Mr. Justice Branch concluded that neither the plaintiff or his parents were capable of managing the investment of his settlement (which was in excess of $5 million). He concluded, that in order to achieve the 2% discount rate (a discount rate applied to future losses – to recognize the assumed investment earnings generated, countered by inflation), the plaintiff would continue to incur fees for an investment group to manage his settlement fund. After much review, he accepted the fee proposal presented by the plaintiff.
He then turned to the methodology to “gross-up” the cost of future care funds to provide funds that will be able to meet the projected expenses throughout the plaintiff’s lifetime (rather than ending prematurely). Gross-up is necessary because amounts for future care are paid as a lump sum fund, reduced on the assumption that the ongoing unused portion will be invested and earn income.
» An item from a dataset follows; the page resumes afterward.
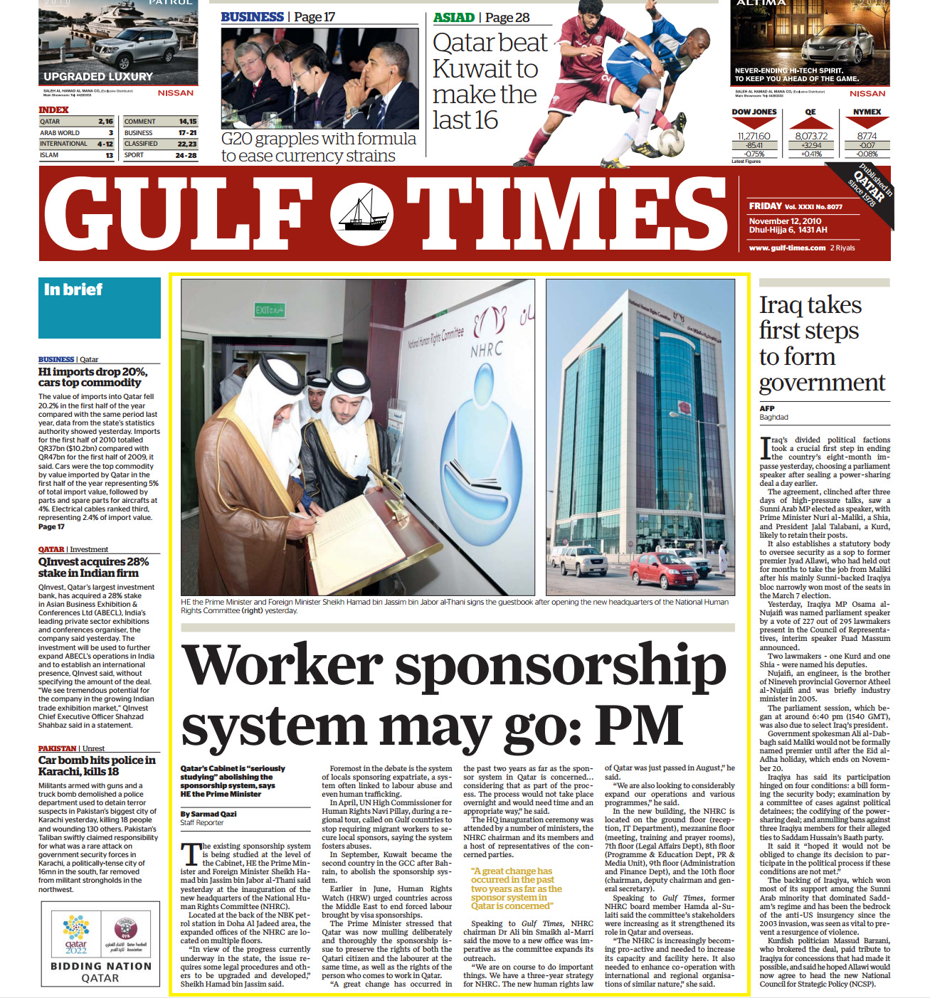 Original Gulf Times clipping: Worker sponsorship system may go, PM

However, because investment income is taxed, the lump sum will be insufficient to provide the care intended – and a complicated “tax gross-up” is necessary to ensure the fund is sufficient. The major issue in this case was how to assess the future uncertainties about the plaintiff’s life expectancy – i.e. how long the future care expenses would be needed depending on hypothetical contingencies.
The plaintiff’s experts’ analysis ran 97 scenarios covering the potential range of life expectancies, and applied the cost of future care to the same. The defence experts started with life expectancy, and applied mortality tables to reduce the life expectancy further. The defence analysis was criticized because it yielded outcomes that led to the fund expiring even before the average life expectancy without contingencies. To put it simply, the defence approach double counted the likelihood of death. In preferring the plaintiff’s “Probability of Death method” set out by economist Rob Carson, Mr. Justice Branch provided the following reasons:
 Having reviewed the authorities, I derive the following general principles:
1. the gross-up methodology should, to the extent possible, provide funds at a level that will be able to meet the projected expenses throughout the plaintiff’s lifetime, and not end prematurely; and
2. the methodology should, to the extent possible, be consistent with the methodology used for the underlying awards upon which the gross-up is based.
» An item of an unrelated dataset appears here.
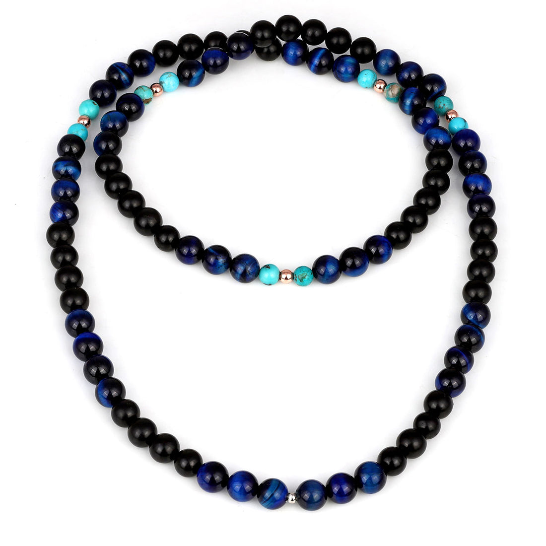Tiger's Eye, Black Jet, Turquoise and Hematite Long Necklace

 I find that these principles favour Mr. Carson’s Probability of Death method, in that this method is more closely aligned to the probabilistic approach used to derive the cost of care and future income lost. By way of contrast, Mr. Hildebrand admits that his approach “decouples” the gross-up calculations from the underlying calculations. Furthermore, the Probability of Death method is more likely to yield a stream that matches the plaintiff’s average expected life expectancy. Finally, Mr. Hildebrand accepted that the Burnell paper, from which the Probability of Death method was derived, is a recommended resource for actuaries. This was affirmed by Mr. Banville. Mr. Cheng agreed that there was very little else out there other than Mr. Burnell’s paper. Conversely, there was no evidence of any actuary approving of Mr. Hildebrand’s approach.
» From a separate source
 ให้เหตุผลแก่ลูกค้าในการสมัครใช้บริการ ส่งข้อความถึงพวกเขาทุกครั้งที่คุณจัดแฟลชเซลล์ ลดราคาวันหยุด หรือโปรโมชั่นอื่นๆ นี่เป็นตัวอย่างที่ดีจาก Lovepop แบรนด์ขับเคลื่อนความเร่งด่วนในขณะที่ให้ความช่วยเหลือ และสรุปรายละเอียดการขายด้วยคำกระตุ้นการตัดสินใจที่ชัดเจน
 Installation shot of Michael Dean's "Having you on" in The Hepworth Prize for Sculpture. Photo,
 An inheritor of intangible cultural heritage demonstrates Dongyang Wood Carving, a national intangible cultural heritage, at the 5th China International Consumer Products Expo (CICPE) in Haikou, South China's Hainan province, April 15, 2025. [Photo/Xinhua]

 In terms of the defendant’s critiques of the Probability of Death method, the concern about certain illustrated scenarios being unrealistic is overstated, since they were simply a step along the road of a longer mathematical calculation that eventually adjusts in such a way that the final expected outcome matches the award. Furthermore, this complaint overlooks that the interim scenarios in the early years vastly underutilize the agreed amount. This only highlights the need to assess the approach in its totality, not on the basis of what is illustrated half-way through the order of mathematical operations. It is somewhat akin to critiquing a student for showing that (2X2)-1=4 part way through a student’s calculations, without turning over the page to see that the student subsequently subtracted 1 to reach 3.
 I conclude that the calculations guiding the court’s assessment in this case should be performed using Mr. Carson’s Probability of Death method.